→ TASK REQUIREMENTS: The copy must hold every line from the one with "Fethiye'nin muhteşem doğasında" through the end of the listing, word for word, and must hold no pictures.

*** DATA PROVIDED Section Begins ***

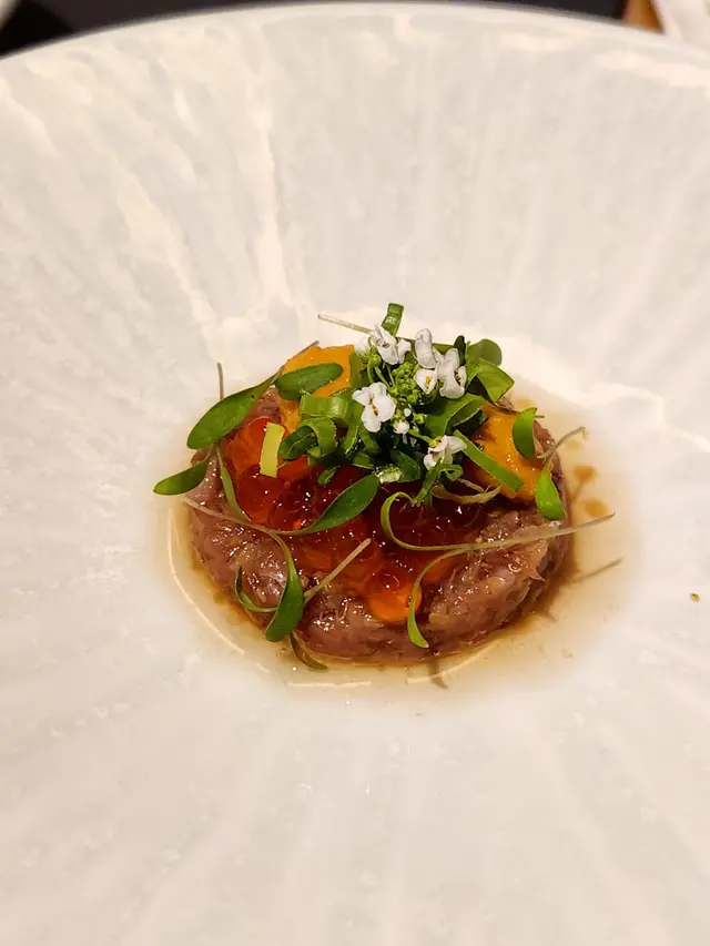 🤗 今晚相約老友 “甘仔” 飯聚, 初訪位於上環孖沙街嘅 Reveri, 樓面設一張L型八人吧枱, 望住開放式廚房, 另外兩三張方枱, 點咗 Tasting Menu, $888+10%, 五道菜, 配酒三杯, $548+10%.🐂 Beef and Shiso Tartare. 調味不俗.🦐 Japanese Ama Ebi. 甜蝦他他, 屬屈機菜式, 可惜麻油重手咗.🧀 Truffle Brioche. 甜西多士配芝士碎, 有點驚喜.🍅 Tomato and Burrata Salad. 真係用嚟清下口, 普普通通.🦞 Lobster Risotto, 另加$98. 冇乜驚喜, 而且鹹咗少少.🐂 Hay Smoked Ribeye. “甘仔” 話有煙燻味, 我覺得好弱, 服務員建議三成熟, 肉質口感偏嫩, 合格吧.🍨 Caramel Custard Pudding with Lemon Honey Sorbet. 一個沒有印象嘅甜品.🤗 總結: 地方老遠, 定價有少少優勢. 菜式相對普通, 完成度有待改進.…查看更多
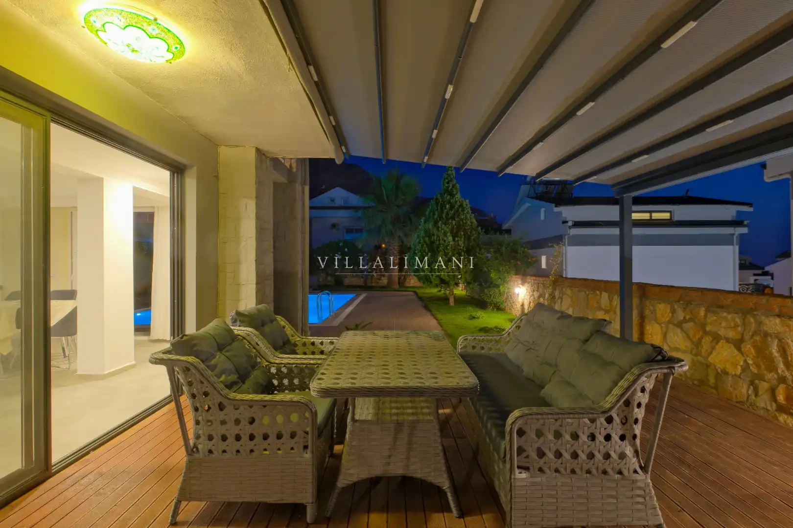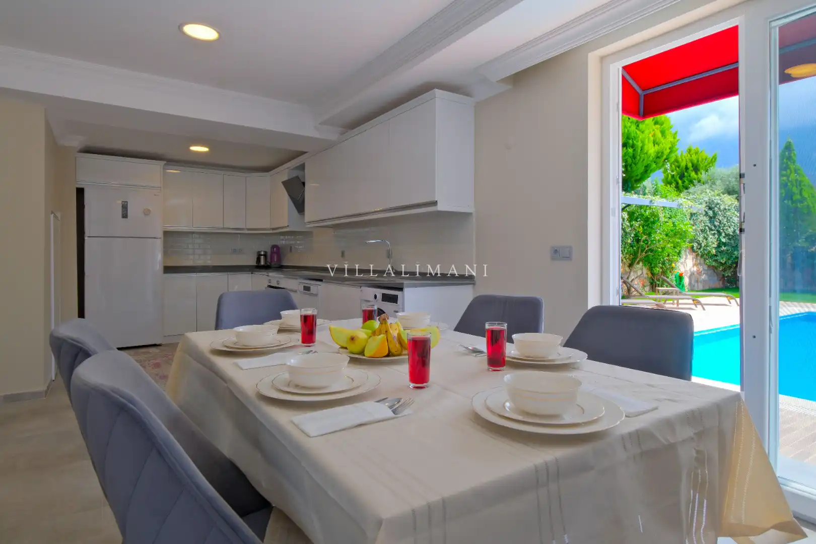 Fethiye'nin muhteşem doğasında şehir kargaşasından uzak bir tatil geçirmenizi sağlayacak olan villamızın havuz ve bahçe kısmında kapasiteye uygun oturma grubu, şezlong takımı, barbekü alanı mevcuttur. Ayrıca havuz terasına açılan, her ayrıntısı özenle tasarlanmış ferah bir oturma odası ve tam donanımlı açık mutfağı bulunmaktadır.
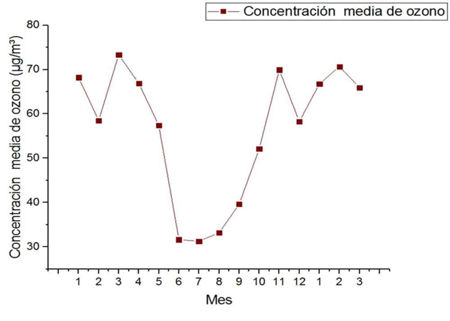 Se determinó la concentración media mensual de O3 para todos los meses estudiados (figura 3).
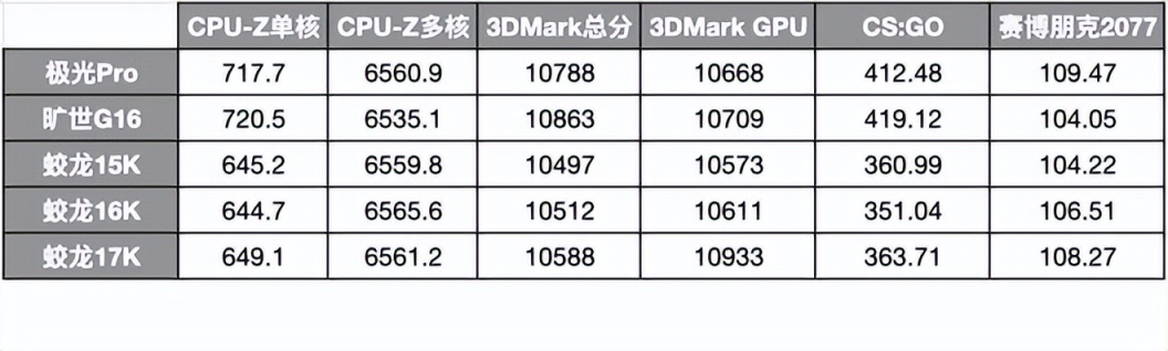 单单从参数上看,蛟龙15K / 16K / 17K均采用R7-7735H——R7-6800H的能效优化版,CPU性能比肩极光Pro、旷世G16的i7-12650H,但DDR5 4800内存规格占优;屏幕方面,5999元同价产品之中2.5K 16:10的蛟龙16K最佳,两款6199元产品里旷世G16 240Hz刷新率与蛟龙16K 100%P3色域,互有胜负令人难以抉择;WiFi网络方面,Intel AX101(Wi-Fi6 1T1R 600Mbps)不敌AMD RZ608(WiFi6E 2T2R 1.2Gbps)。

*** DATA PROVIDED Section Ends ***

→ TASK ANSWER:
 Fethiye'nin muhteşem doğasında şehir kargaşasından uzak bir tatil geçirmenizi sağlayacak olan villamızın havuz ve bahçe kısmında kapasiteye uygun oturma grubu, şezlong takımı, barbekü alanı mevcuttur. Ayrıca havuz terasına açılan, her ayrıntısı özenle tasarlanmış ferah bir oturma odası ve tam donanımlı açık mutfağı bulunmaktadır.
 Se determinó la concentración media mensual de O3 para todos los meses estudiados (figura 3).
 单单从参数上看,蛟龙15K / 16K / 17K均采用R7-7735H——R7-6800H的能效优化版,CPU性能比肩极光Pro、旷世G16的i7-12650H,但DDR5 4800内存规格占优;屏幕方面,5999元同价产品之中2.5K 16:10的蛟龙16K最佳,两款6199元产品里旷世G16 240Hz刷新率与蛟龙16K 100%P3色域,互有胜负令人难以抉择;WiFi网络方面,Intel AX101(Wi-Fi6 1T1R 600Mbps)不敌AMD RZ608(WiFi6E 2T2R 1.2Gbps)。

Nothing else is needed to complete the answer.